> [TASK TO COMPLETE] Transcribe every line of the material below exactly, leaving out the pictures.

> [INFORMATION PROVIDED]

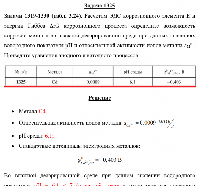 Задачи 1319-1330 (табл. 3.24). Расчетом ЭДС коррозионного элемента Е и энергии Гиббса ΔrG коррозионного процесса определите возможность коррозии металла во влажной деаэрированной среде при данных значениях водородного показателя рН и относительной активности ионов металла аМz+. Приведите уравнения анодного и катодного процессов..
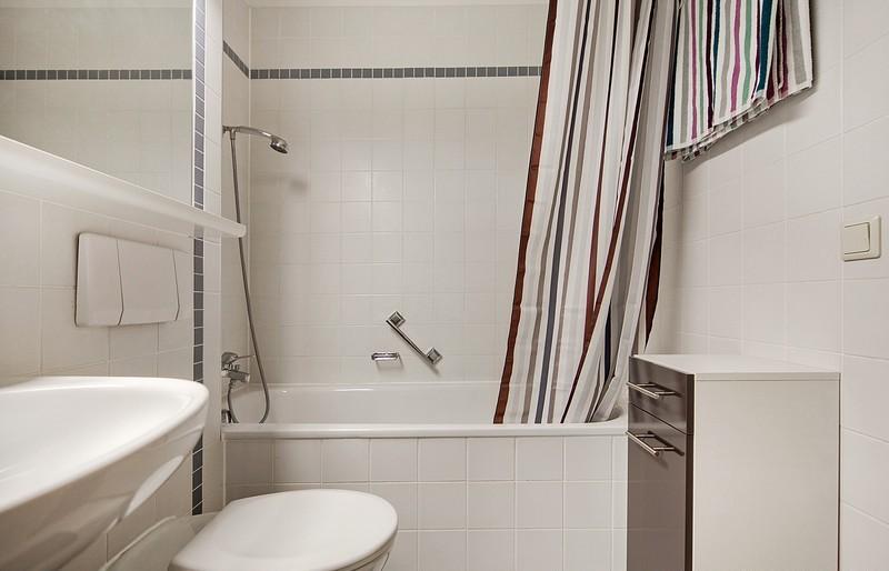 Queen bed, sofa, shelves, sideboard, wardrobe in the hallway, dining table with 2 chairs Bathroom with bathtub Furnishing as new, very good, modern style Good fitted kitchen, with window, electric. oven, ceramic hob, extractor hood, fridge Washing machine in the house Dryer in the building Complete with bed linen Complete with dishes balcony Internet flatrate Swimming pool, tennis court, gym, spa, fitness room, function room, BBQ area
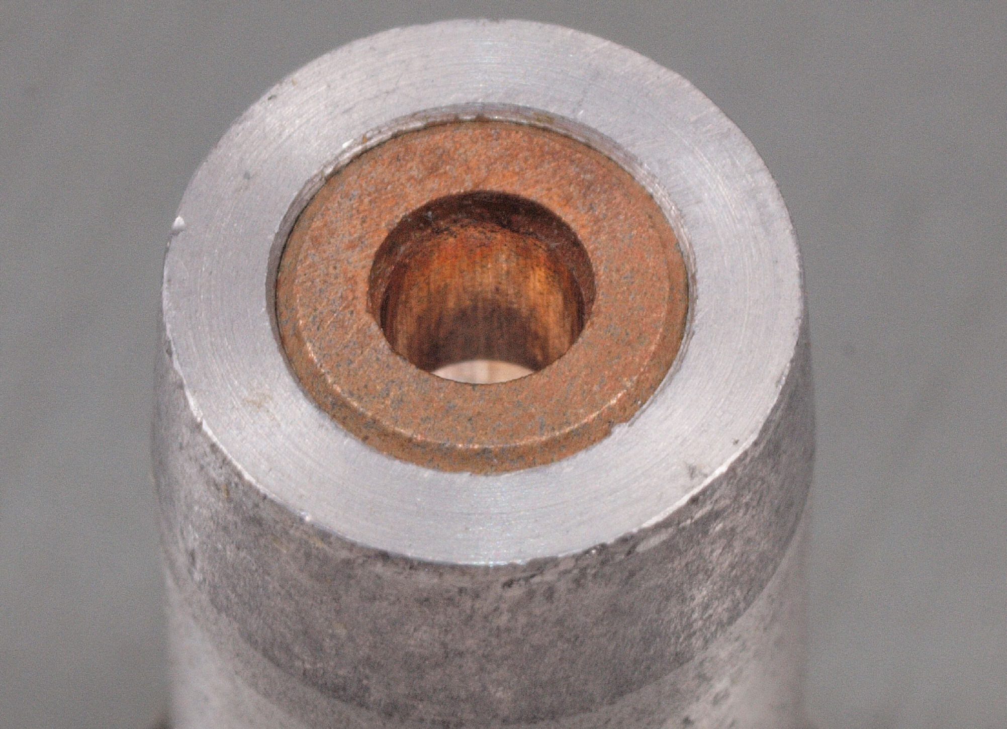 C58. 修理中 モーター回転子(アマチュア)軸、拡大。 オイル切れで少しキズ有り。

> [ANSWER TO THE EXERCISE]
 Задачи 1319-1330 (табл. 3.24). Расчетом ЭДС коррозионного элемента Е и энергии Гиббса ΔrG коррозионного процесса определите возможность коррозии металла во влажной деаэрированной среде при данных значениях водородного показателя рН и относительной активности ионов металла аМz+. Приведите уравнения анодного и катодного процессов..
 Queen bed, sofa, shelves, sideboard, wardrobe in the hallway, dining table with 2 chairs Bathroom with bathtub Furnishing as new, very good, modern style Good fitted kitchen, with window, electric. oven, ceramic hob, extractor hood, fridge Washing machine in the house Dryer in the building Complete with bed linen Complete with dishes balcony Internet flatrate Swimming pool, tennis court, gym, spa, fitness room, function room, BBQ area
 C58. 修理中 モーター回転子(アマチュア)軸、拡大。 オイル切れで少しキズ有り。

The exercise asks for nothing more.